SET TRANSACTION PRIORITY HIGH;

Use case: Make OLTP transactions 10x less likely to abort than background analytics jobs by assigning higher priorities.

Deadlock Freedom

From the design document:

Priorities avoid starvation for arbitrarily long transactions and always pick a winner from between contending transactions (no mutual aborts).

How it works:

Each conflict has a winner (higher priority)
Loser increases priority on retry
Eventually, retrying transaction has highest priority
Guaranteed progress

Transaction Coordinator

Gateway Role

From docs/design.md:

Transactions are managed by the client proxy (or gateway in SQL Azure parlance).

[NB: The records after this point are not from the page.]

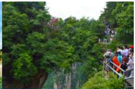
สะพานหนึ่งใบใต้หล้า

วันที่หก จางเจียเจี๋ย-จีน-ลงลิฟท์แก้วเที่ยวเขาเทียนจื่อซาน-ภูเขาอวตาร-สะพานหนึ่งใบใต้หล้า -ออฟชั่นะจก สะพานกรจกข้ามเขาแกรนด์แคนยอน
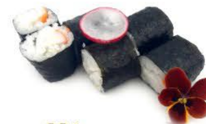
304. Hoso California 6pz Surimi di granchio € 4.50
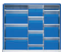
2 Trenn- und 9 Steckwände
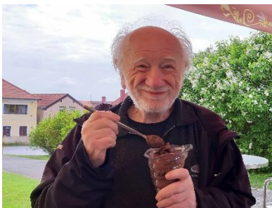
Návštěva Mníšku zahájena zmrzlinou
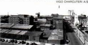
DANSK SOJAKAGEFABRIK A/S

VIGO CHARCUTERI A/S bringer har netop fuldført en udvidelse til 6,5 mill. kr. ALFRAGT A/S bringer gods-terminal for 6,7 mill. kr. i Esbjerg. Desuden har ØK bestilt 11 nye skibe til en samlet pris af 1350 mill. kr. ved danske værfter (B & W og Nakskov). Alle disse investeringer udtrykker tillid til fremtiden. Og de giver dansk industri, eksport og økonomi. De kommer ikke blot virksomhederne til gode. De sikrer samtidigt medarbejderne fortsat beskæftigelse. De styrker dansk erhvervsliv — og Danmark. Kompagniets netto-indtjening i fremmed valuta androg 2050 mill. kr. i 1974 og 1975.
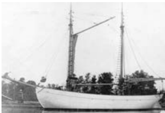
Nybyggda Ingan i Sjötorp 1928.
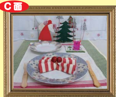
ヨーロッパの美味しい食卓 ～北欧のクリスマス～ 総合区民センター
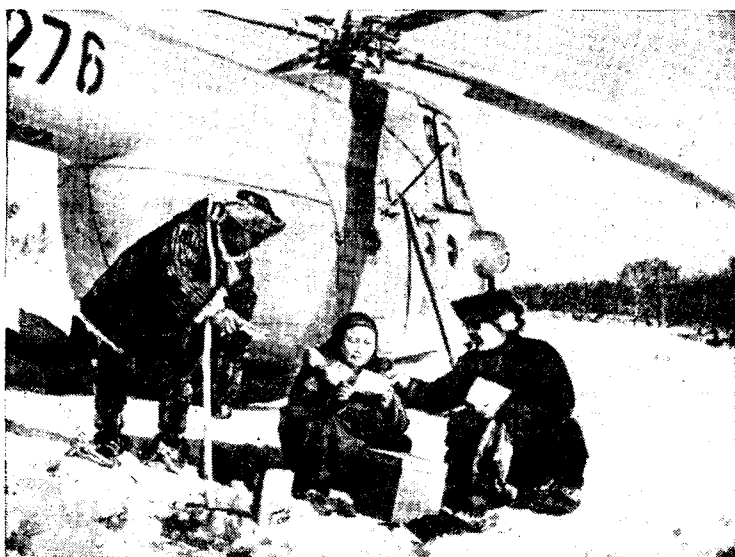
Рис. 8. Голосование пастухов в одном из табунов совхоза Паланский

Особое развитие получило танцевальное искусство народов Севера. Традиционные танцы исполняются не только многочисленными самодеятельными коллективами, но и профессиональными ансамблями. В Корякском национальном округе создан профессиональный коллектив, осуществляющий постановку балета по корякским национальным мотивам. В Чукотском округе в 1969 г. возник большой профессиональный чукотско-эскимосский ансамбль «Эргырьон» (Рассвет), исполняющий традиционные плавные эскимосские и чукотские танцы, пантомимы.
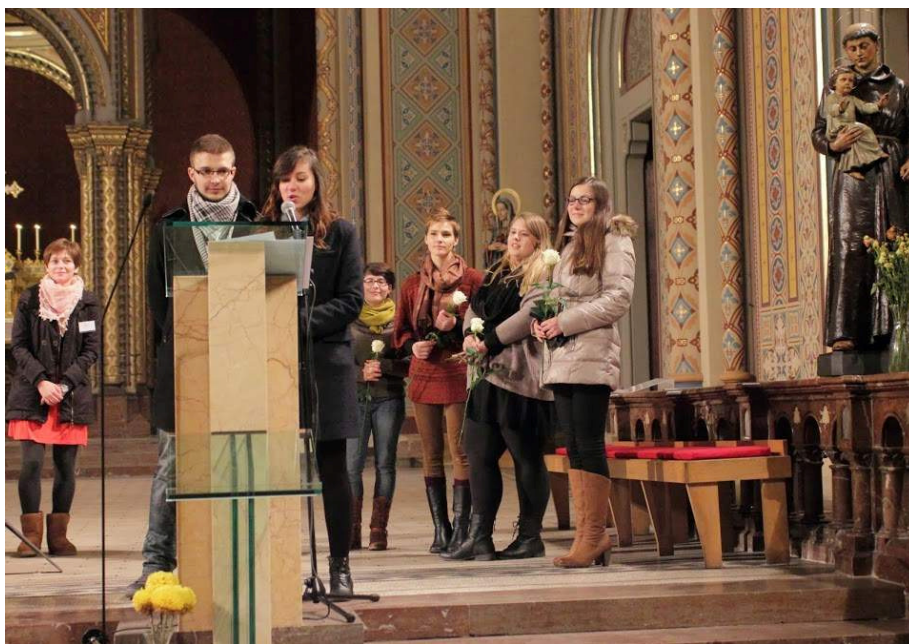
Benefiční koncert v Kostele Sv. Cyrila a Metoděje v Karlíně, 15.11.2013
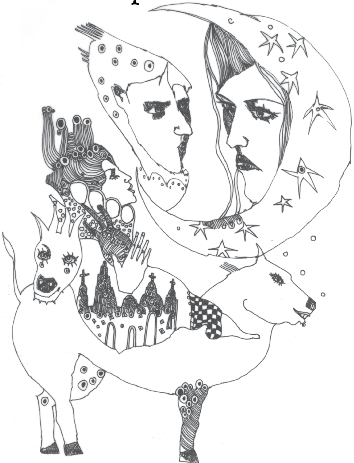
La mirada de la luna (2001). Tinta sobre papel: José Edgar Miranda-Ortiz.

LA COLUMNA 83 • julio-septiembre de 2014 • pp. 100-107 • ISSN 1405-6313
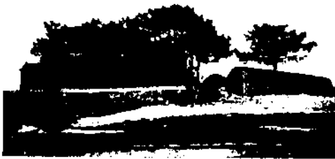
Bayaras und Yarhacis Grabanlage.
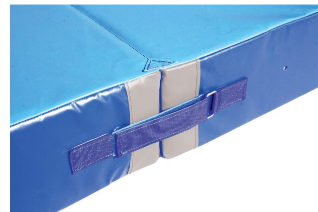
Correas de sujeción
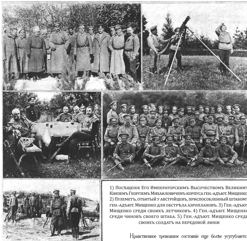
1) Посещение Его Императорским Высочеством Великим Княземъ Георгиемъ Михайловичемъ корпуса ген.-адъют. Мищенко. 2) Пулеметъ, отбитый у австрійцевъ, приспособленный штабомъ ген.-адъют. Мищенко для обстрѣла аэроплановъ. 3) Ген.-адъют. Мищенко среди своихъ летчиковъ. 4) Ген.-адъют. Мищенко среди чиновъ своего штаба. 5) Ген.-адъют. Мищенко среди своихъ солдатъ на передовой линіи

въ видѣ безчисленныхъ потерь и истощенія нанудшихъ силъ арміи, не можетъ безъ конца поддерживать иллюзіи. Германія должна, наконецъ, замѣтить угрожающіе ей симптомы истощенія.
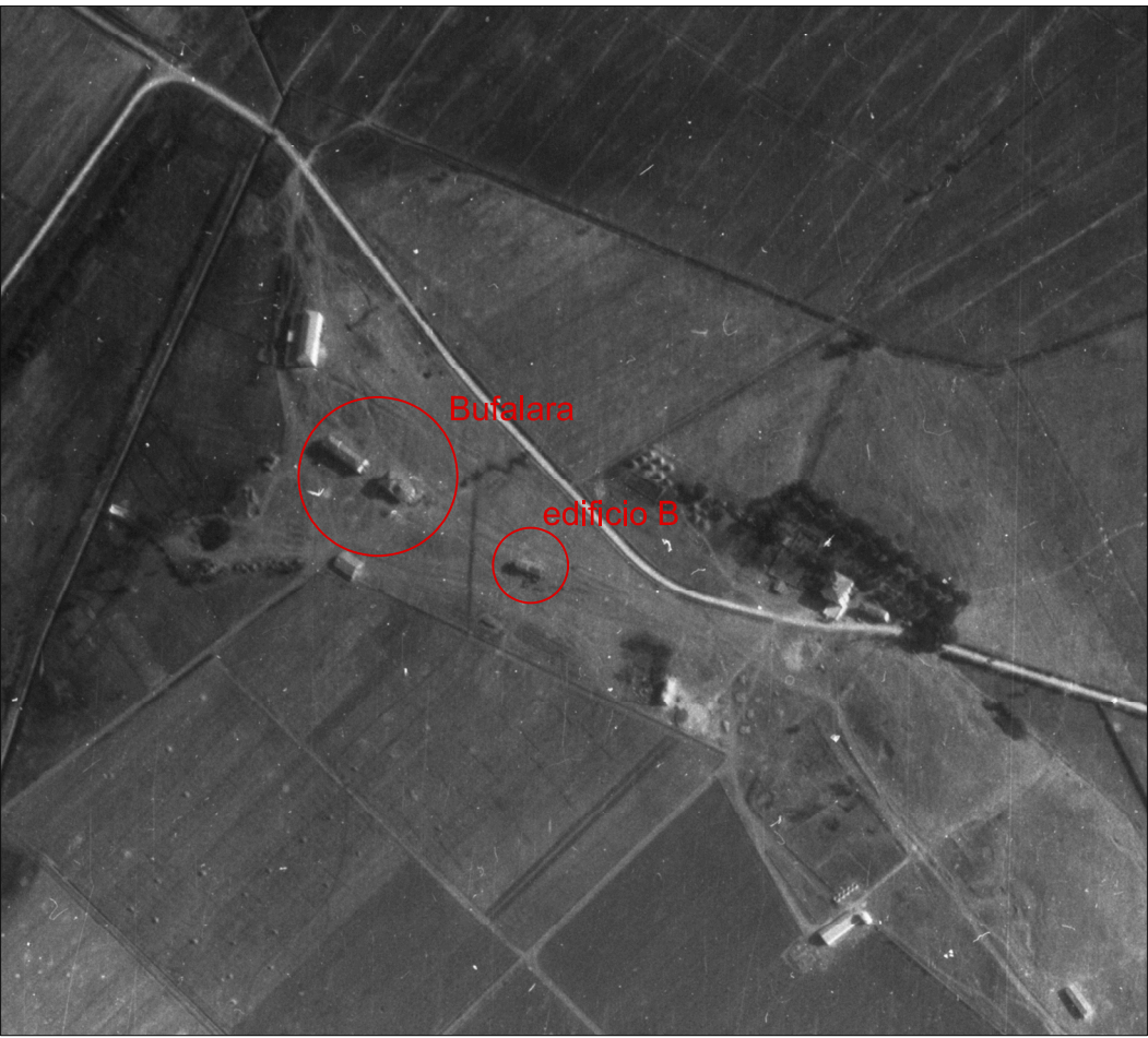
ORTOFOTO I.G.M. 1943 sono evidenziate la Bufalara e l'edificio oggetto di intervento denominato B all'epoca del fabbricato A non vi è traccia. In riferimento al fabbricato B, vista la tipologia costruttiva degli edifici realizzati negli anni precedenti alla Riforma Fondiaria e realtivo alla bonifica della Piana del Sele, è plausibile ritenere che sia stato edificato intorno agli anni '20.

Unlike in Spanner, writes are not buffered but are sent directly to all implicated ranges.

Responsibilities:

Track transaction state
Send writes to appropriate ranges
Heartbeat transaction record
Resolve intents on commit/abort
Handle transaction restarts

Implementation: pkg/kv/kvclient/kvcoord/txn_coord_sender.go

Transaction Heartbeats

Transactions must periodically heartbeat their transaction record to prove they’re still alive. Default interval: 5 seconds.

Purpose:

Detect abandoned transactions
Allow cleanup of orphaned intents
Prevent blocking on dead transactions

If heartbeat stops:

Other transactions can abort the abandoned transaction
Intents cleaned up on encounter
Range remains available

From the design document:

Transactions encountered by readers or writers with dangling intents which haven’t been heartbeat within the required interval are aborted.

Write Intents

Intent Structure

Intents are MVCC values with metadata:

Physical Storage:

Key: /users/1/name
MVCC Timestamp: 100
Value: {
  Data: "Alice"
  Metadata: {
    IntentFlag: true
    TxnID: "550e8400-e29b-41d4-a716-446655440000"
    TxnTimestamp: 100
    TxnPriority: 0.8
  }
}

Intent Resolution

After commit:

// Simplified intent resolution
for each intent in transaction {
    if txn.Status == COMMITTED {
        // Remove intent metadata, keep value
        resolveIntent(intent.Key, COMMITTED)
    } else {
        // Remove intent entirely
        resolveIntent(intent.Key, ABORTED)
    }
}

Opportunistic Resolution

Intents resolved in multiple ways:

Async resolution: Gateway resolves after commit
On encounter: Other transactions resolve when found
GC process: Periodic cleanup of abandoned intents
Intent resolution queue: Background processing

Distributed Transactions

Single-Range Transactions

Write intent to range
Write transaction record to same range
Commit transaction record via Raft
Resolve intent

All operations in one Raft group - simple and fast

Multi-Range Transactions

Transaction touches ranges A, B, C:

1. Write intents to A, B, C in parallel
2. Write txn record to range A
3. Commit txn record in A via Raft
4. Resolve intents in A, B, C (async)

Intents in B and C reference txn record in A

Commit is atomic: once transaction record committed in one range, entire transaction is committed even if intent resolution incomplete.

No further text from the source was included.